Я убегал уже от них. Спасла меня случайная шляпа, найденная на улице, спрятавшая Адама Кесслера от натренированных глаз сыскарей. Я бежал так быстро, что казалось, будто лёгкие вот-вот разорвутся, ноги превратятся в кровавое месиво. В боку кололо с непривычки, отчаянно хотелось остановиться, упасть на землю и сдаться на милость преследователей. Но что-то двигало меня вперёд, неуловимое и могущественное, словно сама воля к жизни. Добравшись до тёмного проулка, я затаился в его глубине, выжидая, прислушиваясь к удаляющимся шагам. Через несколько минут, убедившись, что опасность миновала, я вышел обратно, уже без шляпы, в своей дорогой одежде, словно ничего не произошло.
Я постоянно клеил листовки. Везде, где только можно. На людных площадях и в тихих переулках, на стенах домов и заборах. Доезжал ночами до ближайших деревень и расклеивал их там, неся слово правды в самые отдалённые уголки. Пальцы покрывались ожогами от горячего клея, рука дрожала от усталости, но я продолжал. Страх и долг стали моей пищей, заглушая физический голод и вызывая постоянную потерю аппетита.
Я стал намного чаще выступать перед рабочими. Набирался смелости, посещая заводы знакомых родителей. Кричал во всё горло, своим хриплым, ломающимся голосом самые жестокие агитационные фразы, призывая людей проснуться от спячки, открыть глаза и подумать о своей жизни. Я хотел быть их будильником, неумолимым и громким, разбудить их от этого сладкого сна, который на самом деле был кошмаром.
Тем временем в стране свирепствовала смерть. Кладбища распустили свои чёрные крылья, каждый день принимая десять и более новых могил. Условия жизни ухудшались, нищета и голод становились постоянными спутниками простых людей. Бисмарк, железный канцлер, казалось, не хотел замечать этого, был слишком занят своими политическими играми. Местечковая коррупция расцветала пышным цветом, вбивая ещё один гвоздь в крышку гроба праведной жизни крестьян и рабочих. Обращаясь к мелкому чиновнику, граждане либо ждали месяцами решения своей проблемы, либо получали отказы в оказании помощи, оставаясь один на один со своим горем.

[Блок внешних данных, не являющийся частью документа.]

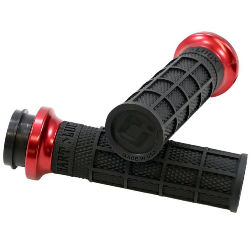 【ODI Grips】 LOCK-ON Hart-luck Signature Full-waffle グリップ 電子制御スロットル用 ブラック/レッド V31HTW-BB-R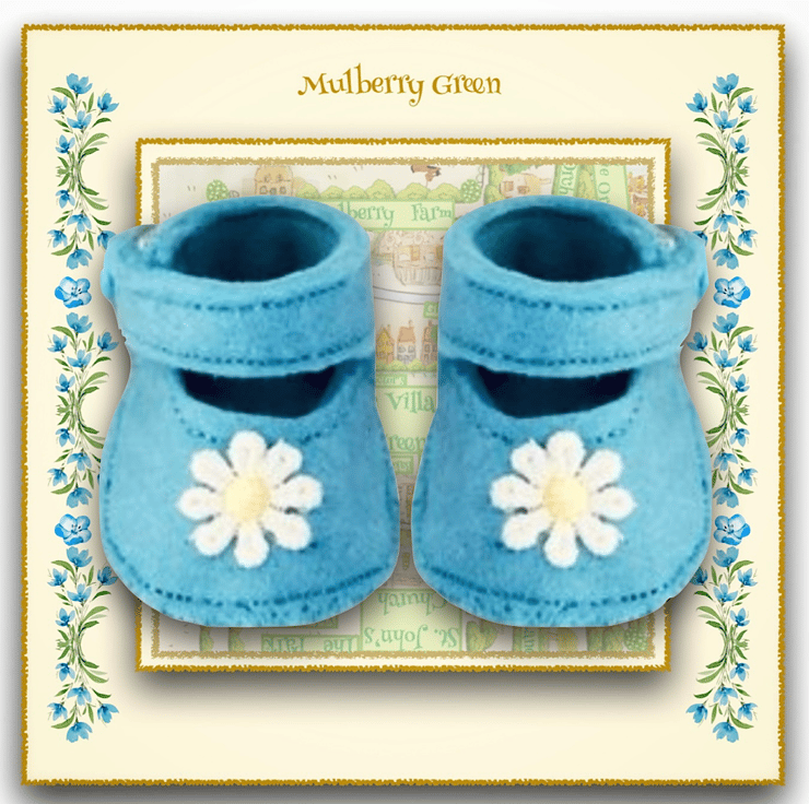 A lovely little pair of pale blue shoes, decorated with daisies, to fit the Mulberry Green characters. They fasten with a little popper underneath a button.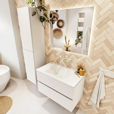 MONDIAZ VICA 80cm badmeubel onderkast Talc 2 lades. Wastafel CLOUD midden zonder kraangat, kleur Talc.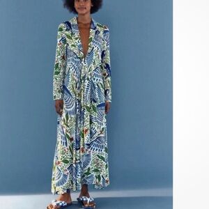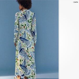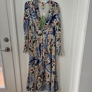 NWT FARM Rio Macaw Flight Maxi Plunging V-neck Long Sleeve Dress S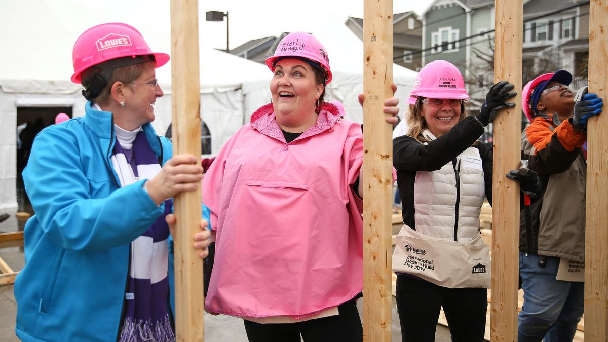 Women Build event pink hard hat lowes
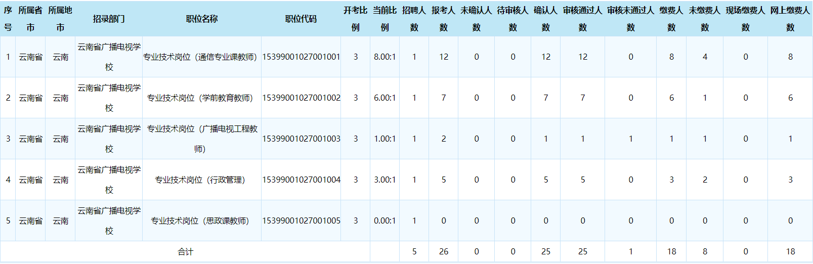 云南省廣播電視學(xué)校2020年事業(yè)單位招聘報(bào)名情況(截止7月1日)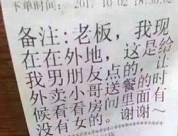 这样的情况是女司机车子坏掉了,然后点外卖的备注是:找一个会修汽车的外卖小哥送给我,我的车子坏掉了。外卖小哥好样的。

Но худшее, что может быть — уныние. Нельзя позволять его черным костлявым рукам управлять нами. Нельзя давать ему возможность победить и заглушить революцию в сердце. А оно бывает больно колется, когда рабочие не согласны что-то менять. Ведь большинство так или иначе придерживается индивидуализма, и пока их семью не затрагивают проблемы, нет смысла обнажать свой клинок.
Помнится, ещё в мае, я бережно вложил в свой дневник краткую переписку с Юстасом, которого мы знали в Друскининкай как доктора Адоменаса. Одно письмо было от него самого, полное надежд на скорую встречу и тревоги за наше общее дело. Второе – от меня, с просьбой разрешить вербовать новых людей в партию. Эти письма были для меня словно ниточка, связующая меня с уверенностью продолжать идти до конца. Я передал его Агнешке, надеясь, что она найдёт способ передать его Юстасу. И ждал, ждал с замиранием сердца, когда же придёт ответ, хотя бы несколько строк, которые подтвердят, что с Юстасом всё хорошо. Но дни тянулись бесконечно долго, недели сменяли друг друга, а ответа всё не было. Наконец, Агнешка вернула мне письмо. Её лицо было мрачным, а в глазах читалась безнадёжность. Юстас пропал. Он не подал условленного сигнала из санатория, не вышел на связь ни с кем из наших товарищей. Словно растворился в воздухе. В наших сердцах зародилось страшное предчувствие. Скорее всего, ему пришлось бежать, скрываться от полиции, которая, вероятно, уже шла по его следу. Мы оказались совершенно бессильны перед этой ситуацией. Всё, что нам оставалось – это ждать, ждать и надеяться на лучшее, надеяться, что Юстас найдёт способ дать о себе знать, что он жив и находится в безопасности.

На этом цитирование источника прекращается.